**Problem to work on**
All of the data that follows is to be written out exactly, with images excluded.

**Data for this task**

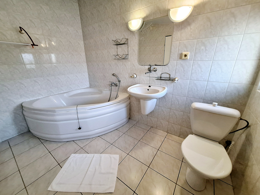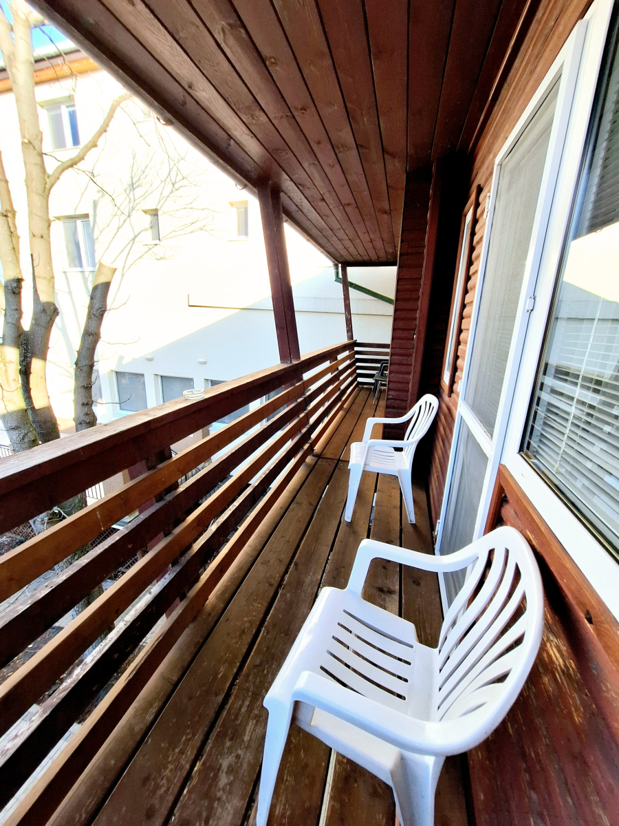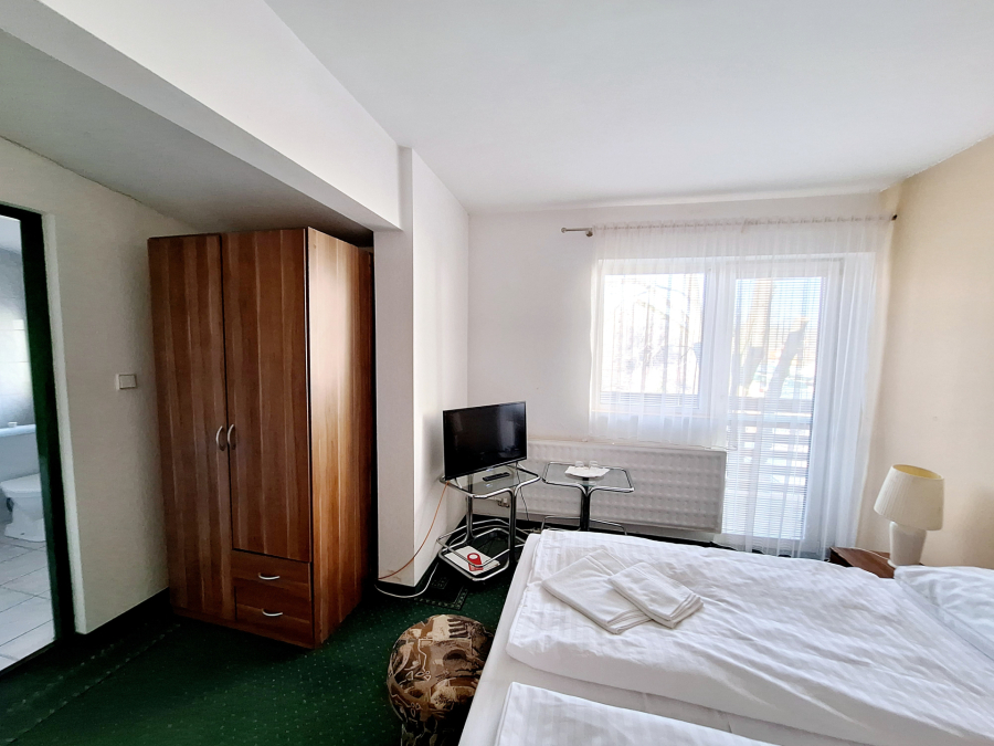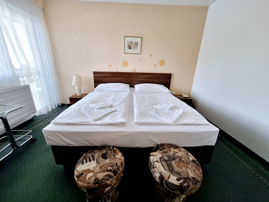 Dvojlôžková izba s manželskou posteľou sa nachádza na 1. poschodí (bez výťahu). Súčasťou vybavenia je šatníková skriňa pre praktické uskladnenie vecí, kreslá alebo taburetky pre pohodlie a TV pre večerný oddych. Nájdete tu aj sušiaky na prádlo a dostatok županov a uterákov pre príjemný pobyt. Kúpeľňa disponuje sprchovým kútom alebo vaňou. Balkón ponúka príjemný výhľad na Bazén pri jazere a rybník.
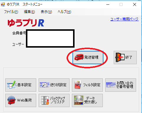 まずはゆうプリRのトップ画面から「発送管理」を選びます。
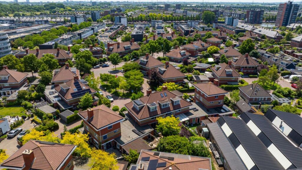VANUIT DE VOORZIJDE VAN DE WONING VRIJ UITZICHT OP HET GROENE PLANTSOEN.
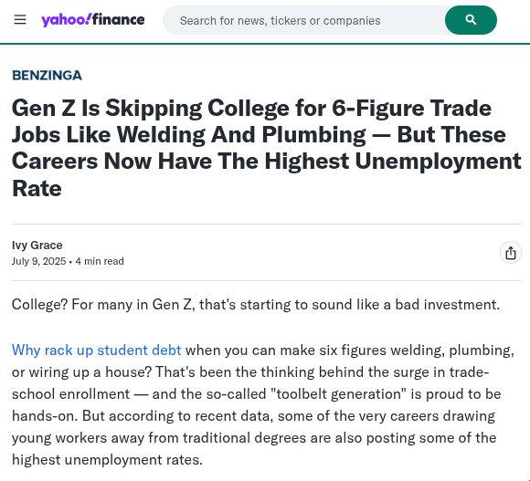 >>107691444Kek, all the people desperately crowding trades will drive tradie wages into the shitter.
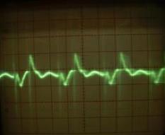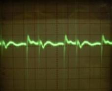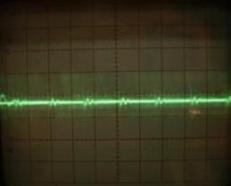 A következő szkópábrák a kimeneti zaj tehelés értékétől függő változásának szemléltetésére készültek. A bal oldali képen lévő jelalak 4db 24V 60W-os izzó terhelése esetén látható, a jobb oldali képen pedig a 2db (sorba kötött) izzó esetén lévő jelalak látszik:
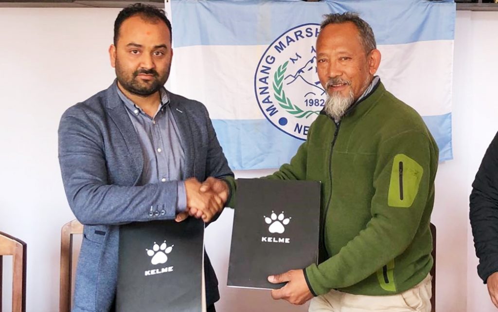 राजधानीमा बुधबार मनाङ मर्स्याङदी क्लबका अध्यक्ष छिमी उर्केन गुरुङ र केल्मीका लागि नेपालको अधिकारिक विक्रेता कामारु ट्रेडिङ प्रालिका निर्देशक प्रदिप न्यौपानेले सम्झौता पत्र आदान प्रदान गरे । सम्झौताअनुसार मनाङले तीन वर्ष अवधिसम्म केल्मीको खेल सामग्री प्रयोग गर्नेछ ।
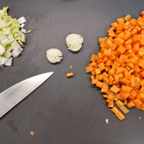 Cut the carrot into small cubes. Crush the garlic with a chef's knife and finely chop the leek.
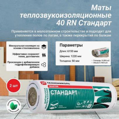 Утеплитель ТЕХНОБЛОК Технониколь (1200х600х50) 5,76 м2, плотность 45- 8 штук в упаковке
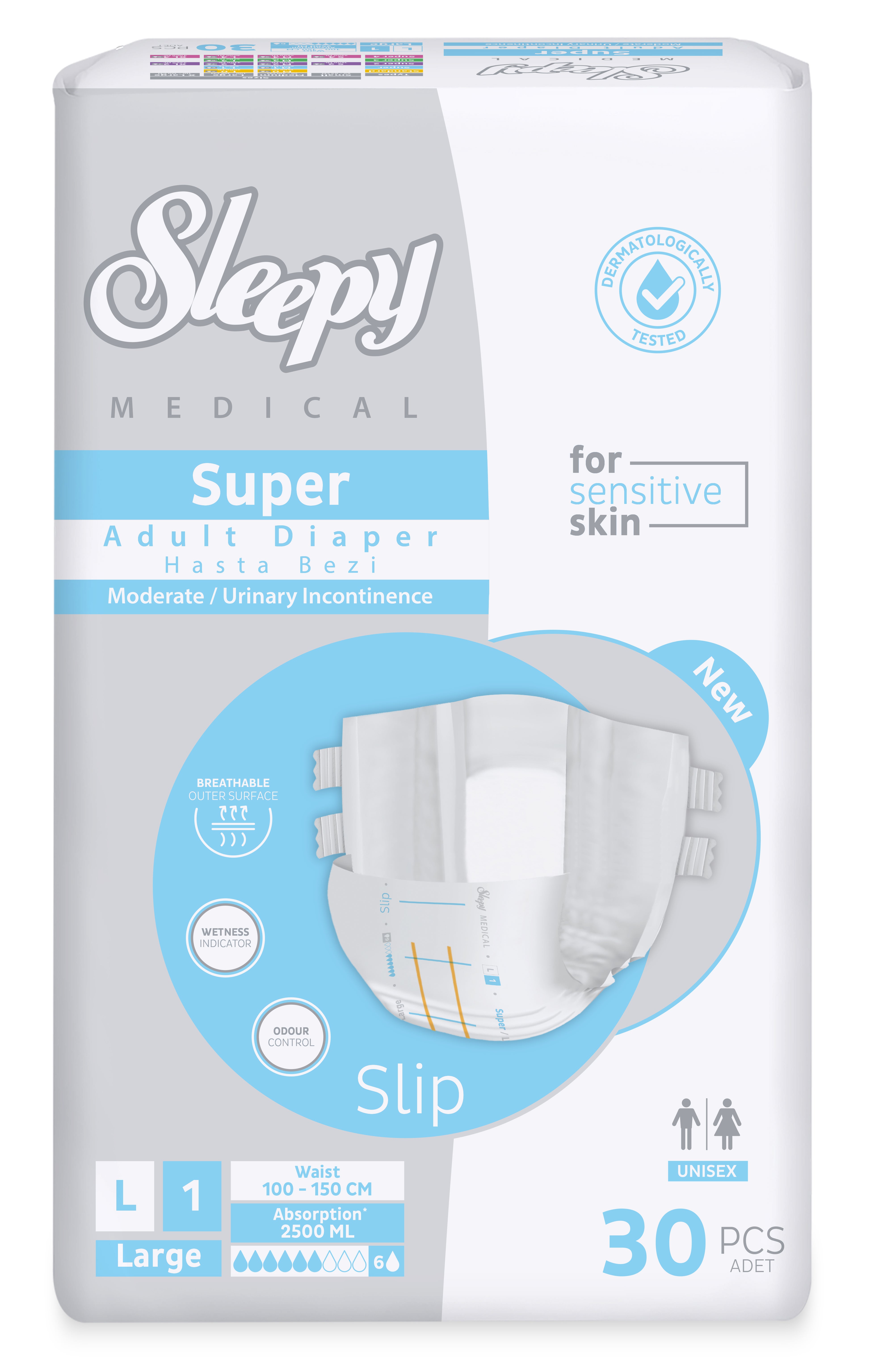 Scutecele pentru adulți Sleepy Medical Super 1 sunt concepute pentru protecție sigură și confort pe termen lung, destinate persoanelor cu incontinență urinară moderată sau severă. Fabricate din materiale moi și respirabile, acestea oferă o senzație plăcută pe piele și previn iritațiile datorită structurii hipoalergenice.
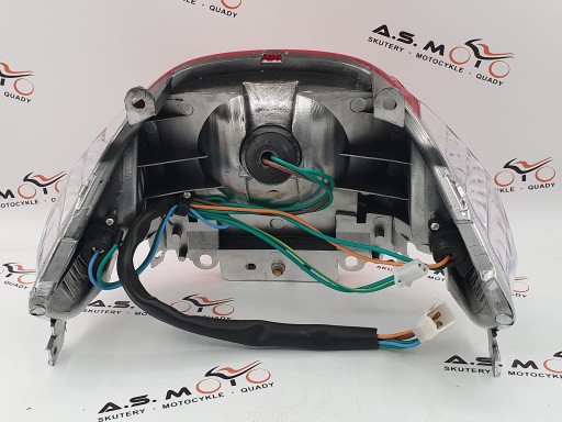 Lampa tył z białymi kloszami kierunkowskazów występująca w małych skuterach na kołach 10" calowych takich jak: QUEST, WILGA, VAPOR.
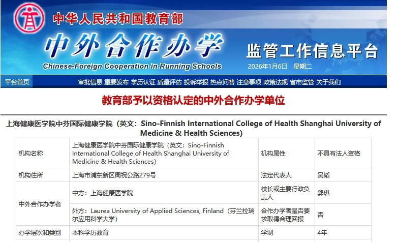 近日,上海健康医学院中芬国际健康学院(以下简称“中芬学院”)正式获教育部批准设立。
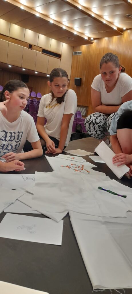 Učenice pjevačkog zbora Osnovne škole Đurđevac aktivno su sudjelovale u kreativnoj radionici izrade tradicijskih bluzi đurđevačkog kraja. U suradnji s Kulturno-umjetničkim društvom Petar Preradović Đurđevac, organizirane su radionice prikaza cijelog procesa izrade cvjetnih ukrasa na krojevima novih bluzi. U izradi  cvjetnih motiva su se priključili i polaznici Etno skupine dječjeg vrtića Maslačak, Đurđevac. Nakon ručne izrade preslikavanja cvjetnih motiva na materijal tzv. fodrukanje, slijedi našivavanje tradicijskog veza zatim šivanje bluzi i završno heklanje u izradi vezilja kazivačica.
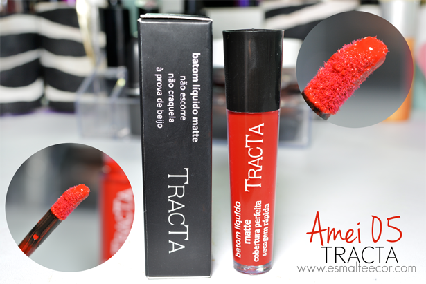 A cor que ganhei foi a Amei 05, um vermelho aberto lindíssimo. Essa linha de batons da Tracta possui uma embalagem muito bonitinha, pois ela não é um tubinho reto, ela é mais fininha na parte inferior, que acaba dando um charme a embalagem.
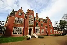 Roffey is north east of the centre of Horsham and as a hamlet dates back to at least the 13th century, with taxation records of 1296 showing 18 liable people in the area.[5] Kelley's Post Office Directory for 1867 describes 'Roughey' as consisting 'of a few farmhouses and cottages. Here is an iron church, capable of accommodating 80 persons'.[7] Maps of the 1880s show Roffey Corner (still spelt Roughey), but appear to label the hamlet as Star Row, with Roffey in use again by the start of the 20th century.[5][8] A railway station opened as Roffey Road Halt in 1907, closing in 1937. The station is shown in the location now known as Wimland Road.[8] Roffey is a separate ecclesiastical parish with its own parish church—All Saints' Church on Crawley Road, designed in 1878 by Arthur Blomfield. It replaced a temporary building which was licensed for worship in 1856.[9] Roffey Park Institute is based just outside of Horsham, near Colgate.
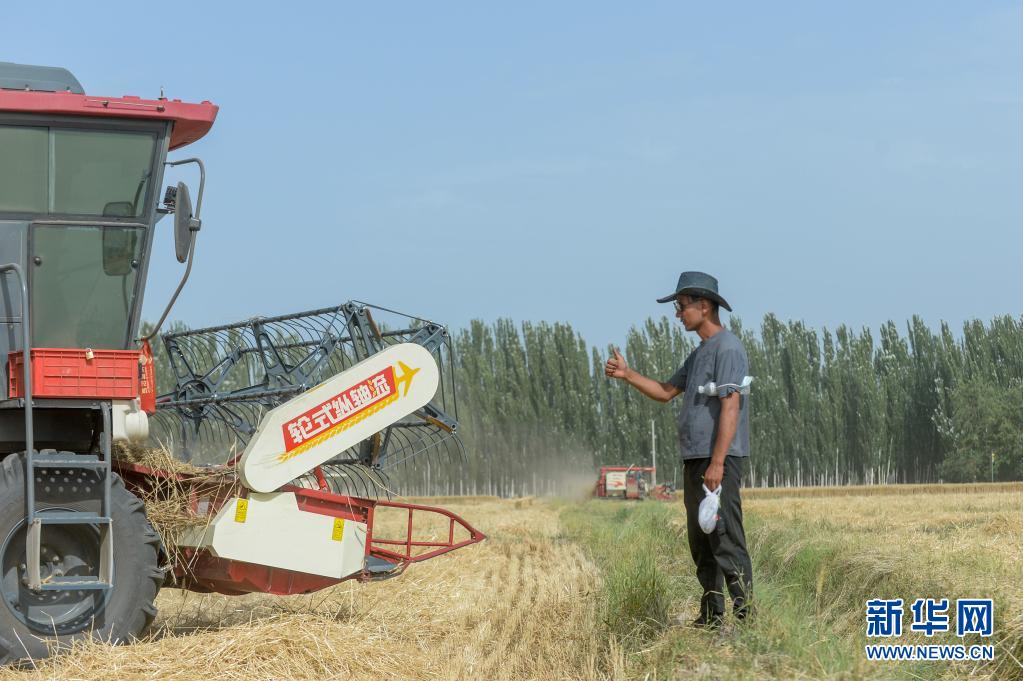 6月19日,麥客阿地力·沙拉木指揮聯(lián)合收割機進行作業(yè)。新華社記者 高晗 攝
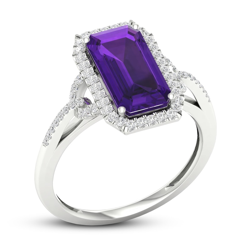 An exquisite emerald-cut amethyst glimmers at the center of this beautiful ring for her. Sparkling round-cut diamonds halo the center, and more shimmer down the 10K white gold band for a total diamond weight of 1/5 carat.
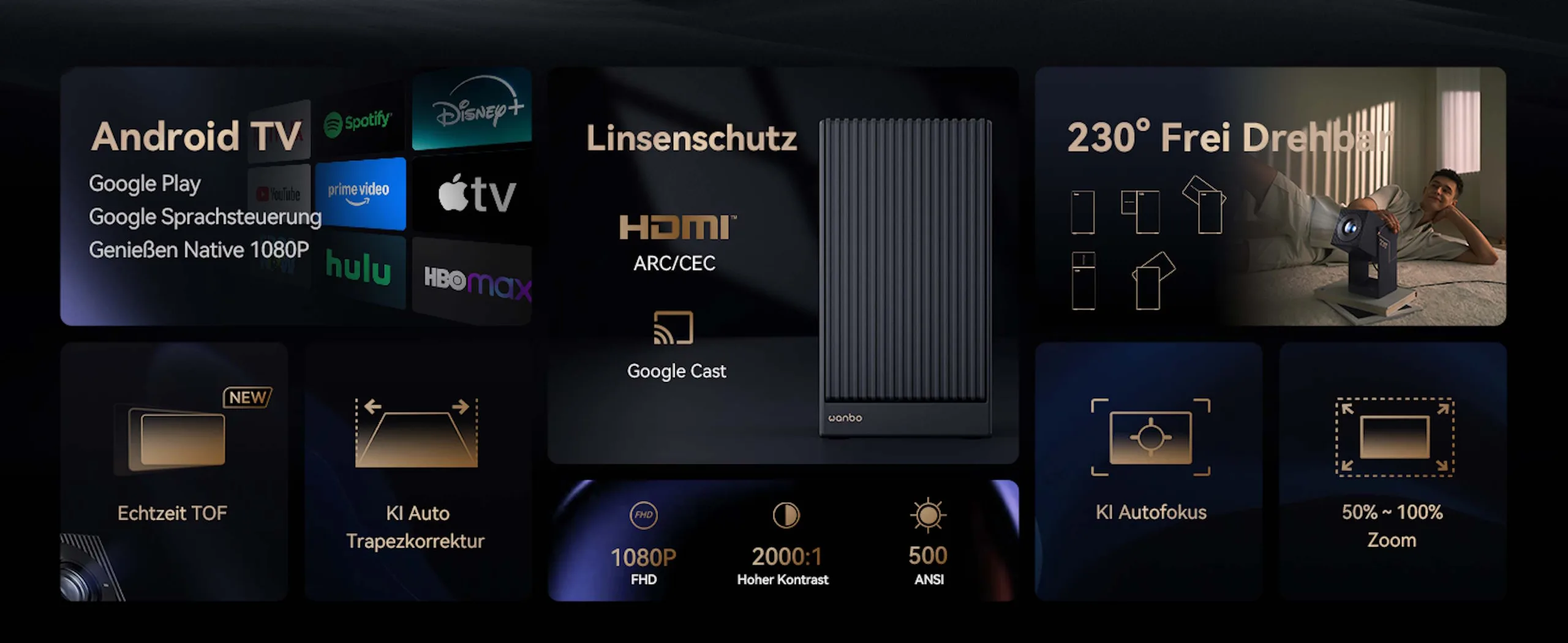 这款万博投影机还支持 WiFi 和蓝牙连接。操作系统为Android TV 11.0,支持媒体播放和智能家居控制。它还内置了一个 8 瓦扬声器,可通过耳机插孔连接外部音响系统或扬声器。最后还有一个 HDMI 端口和一个 USB Type-A 端口,用于连接外部存储设备以显示图片或播放视频文件。
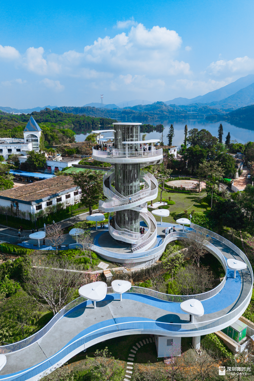 顺着大坝往前走,抬眼就能看见湖光塔,这是环深圳水库绿道的核心建筑,高19.5米,钢架和金属网搭出通透的造型,远远看着像浮在半空,塔外绕着双螺旋步道,慢慢走上去,每绕一圈,眼前的风景就换一副模样。
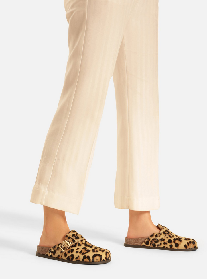 Clog em pelo com estampa de onça. O sapato tem salto rasteiro, palmilha marrom com formato anatômico e inscrição do nome da marca. Possui solado flatform em cortiça, base emborrachada e formato arredondado na ponta. Aberta atrás, traz cabedal fechado com recortes e aplicação de tira de couro transpassada na horizontal com fivela metálica lateral, além de rebites.
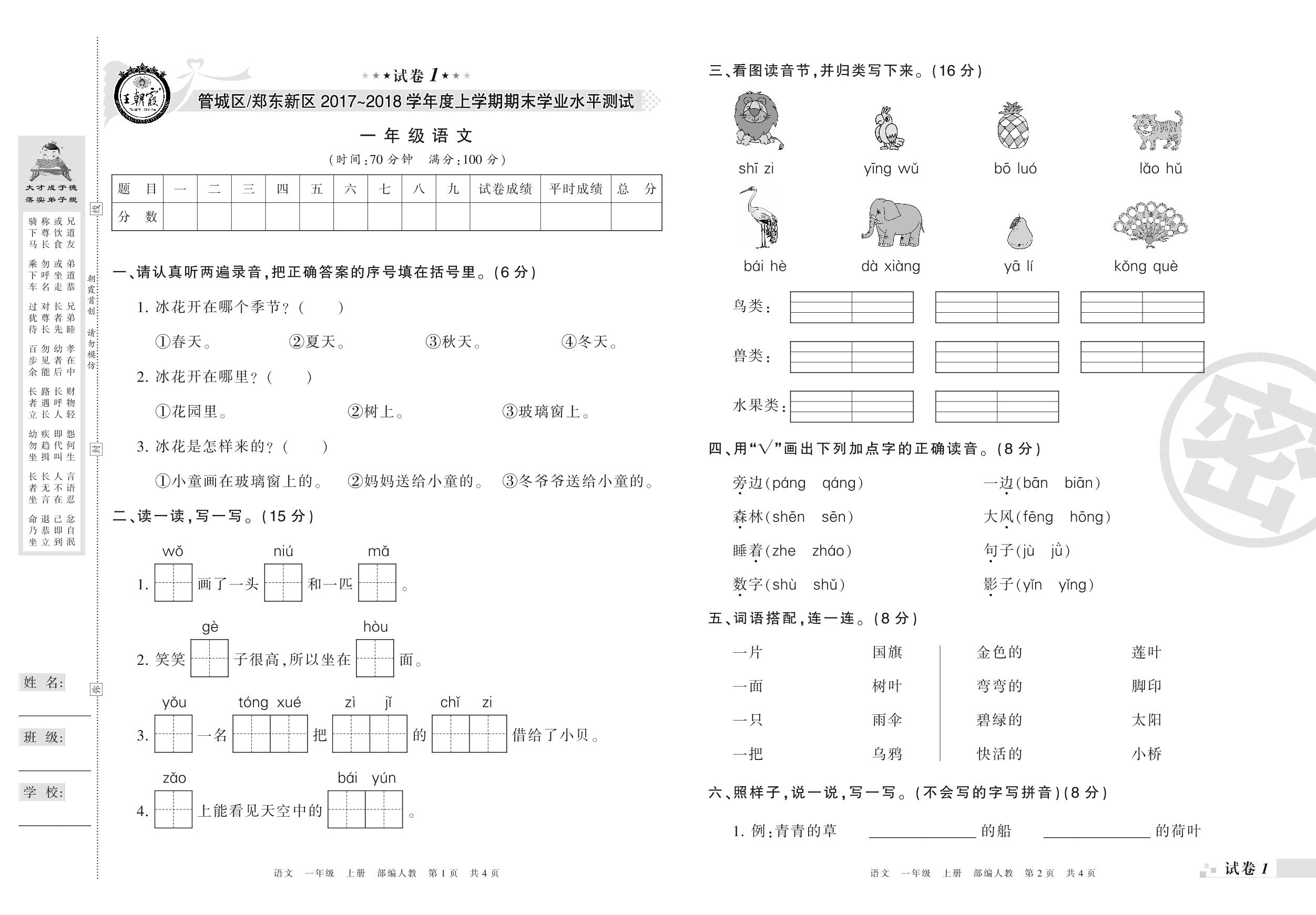 2017-2018学年第一学期郑州市管城区(郑东新区)一年级语文试卷(人教版)【1】

**Answer section**
 Dvojlôžková izba s manželskou posteľou sa nachádza na 1. poschodí (bez výťahu). Súčasťou vybavenia je šatníková skriňa pre praktické uskladnenie vecí, kreslá alebo taburetky pre pohodlie a TV pre večerný oddych. Nájdete tu aj sušiaky na prádlo a dostatok županov a uterákov pre príjemný pobyt. Kúpeľňa disponuje sprchovým kútom alebo vaňou. Balkón ponúka príjemný výhľad na Bazén pri jazere a rybník.
 まずはゆうプリRのトップ画面から「発送管理」を選びます。
VANUIT DE VOORZIJDE VAN DE WONING VRIJ UITZICHT OP HET GROENE PLANTSOEN.
 >>107691444Kek, all the people desperately crowding trades will drive tradie wages into the shitter.
 A következő szkópábrák a kimeneti zaj tehelés értékétől függő változásának szemléltetésére készültek. A bal oldali képen lévő jelalak 4db 24V 60W-os izzó terhelése esetén látható, a jobb oldali képen pedig a 2db (sorba kötött) izzó esetén lévő jelalak látszik:
 राजधानीमा बुधबार मनाङ मर्स्याङदी क्लबका अध्यक्ष छिमी उर्केन गुरुङ र केल्मीका लागि नेपालको अधिकारिक विक्रेता कामारु ट्रेडिङ प्रालिका निर्देशक प्रदिप न्यौपानेले सम्झौता पत्र आदान प्रदान गरे । सम्झौताअनुसार मनाङले तीन वर्ष अवधिसम्म केल्मीको खेल सामग्री प्रयोग गर्नेछ ।
 Cut the carrot into small cubes. Crush the garlic with a chef's knife and finely chop the leek.
 Утеплитель ТЕХНОБЛОК Технониколь (1200х600х50) 5,76 м2, плотность 45- 8 штук в упаковке
 Scutecele pentru adulți Sleepy Medical Super 1 sunt concepute pentru protecție sigură și confort pe termen lung, destinate persoanelor cu incontinență urinară moderată sau severă. Fabricate din materiale moi și respirabile, acestea oferă o senzație plăcută pe piele și previn iritațiile datorită structurii hipoalergenice.
 Lampa tył z białymi kloszami kierunkowskazów występująca w małych skuterach na kołach 10" calowych takich jak: QUEST, WILGA, VAPOR.
 近日,上海健康医学院中芬国际健康学院(以下简称“中芬学院”)正式获教育部批准设立。
 Učenice pjevačkog zbora Osnovne škole Đurđevac aktivno su sudjelovale u kreativnoj radionici izrade tradicijskih bluzi đurđevačkog kraja. U suradnji s Kulturno-umjetničkim društvom Petar Preradović Đurđevac, organizirane su radionice prikaza cijelog procesa izrade cvjetnih ukrasa na krojevima novih bluzi. U izradi  cvjetnih motiva su se priključili i polaznici Etno skupine dječjeg vrtića Maslačak, Đurđevac. Nakon ručne izrade preslikavanja cvjetnih motiva na materijal tzv. fodrukanje, slijedi našivavanje tradicijskog veza zatim šivanje bluzi i završno heklanje u izradi vezilja kazivačica.
 A cor que ganhei foi a Amei 05, um vermelho aberto lindíssimo. Essa linha de batons da Tracta possui uma embalagem muito bonitinha, pois ela não é um tubinho reto, ela é mais fininha na parte inferior, que acaba dando um charme a embalagem.
 Roffey is north east of the centre of Horsham and as a hamlet dates back to at least the 13th century, with taxation records of 1296 showing 18 liable people in the area.[5] Kelley's Post Office Directory for 1867 describes 'Roughey' as consisting 'of a few farmhouses and cottages. Here is an iron church, capable of accommodating 80 persons'.[7] Maps of the 1880s show Roffey Corner (still spelt Roughey), but appear to label the hamlet as Star Row, with Roffey in use again by the start of the 20th century.[5][8] A railway station opened as Roffey Road Halt in 1907, closing in 1937. The station is shown in the location now known as Wimland Road.[8] Roffey is a separate ecclesiastical parish with its own parish church—All Saints' Church on Crawley Road, designed in 1878 by Arthur Blomfield. It replaced a temporary building which was licensed for worship in 1856.[9] Roffey Park Institute is based just outside of Horsham, near Colgate.
 6月19日,麥客阿地力·沙拉木指揮聯(lián)合收割機進行作業(yè)。新華社記者 高晗 攝
 An exquisite emerald-cut amethyst glimmers at the center of this beautiful ring for her. Sparkling round-cut diamonds halo the center, and more shimmer down the 10K white gold band for a total diamond weight of 1/5 carat.
 这款万博投影机还支持 WiFi 和蓝牙连接。操作系统为Android TV 11.0,支持媒体播放和智能家居控制。它还内置了一个 8 瓦扬声器,可通过耳机插孔连接外部音响系统或扬声器。最后还有一个 HDMI 端口和一个 USB Type-A 端口,用于连接外部存储设备以显示图片或播放视频文件。
 顺着大坝往前走,抬眼就能看见湖光塔,这是环深圳水库绿道的核心建筑,高19.5米,钢架和金属网搭出通透的造型,远远看着像浮在半空,塔外绕着双螺旋步道,慢慢走上去,每绕一圈,眼前的风景就换一副模样。
 Clog em pelo com estampa de onça. O sapato tem salto rasteiro, palmilha marrom com formato anatômico e inscrição do nome da marca. Possui solado flatform em cortiça, base emborrachada e formato arredondado na ponta. Aberta atrás, traz cabedal fechado com recortes e aplicação de tira de couro transpassada na horizontal com fivela metálica lateral, além de rebites.
 2017-2018学年第一学期郑州市管城区(郑东新区)一年级语文试卷(人教版)【1】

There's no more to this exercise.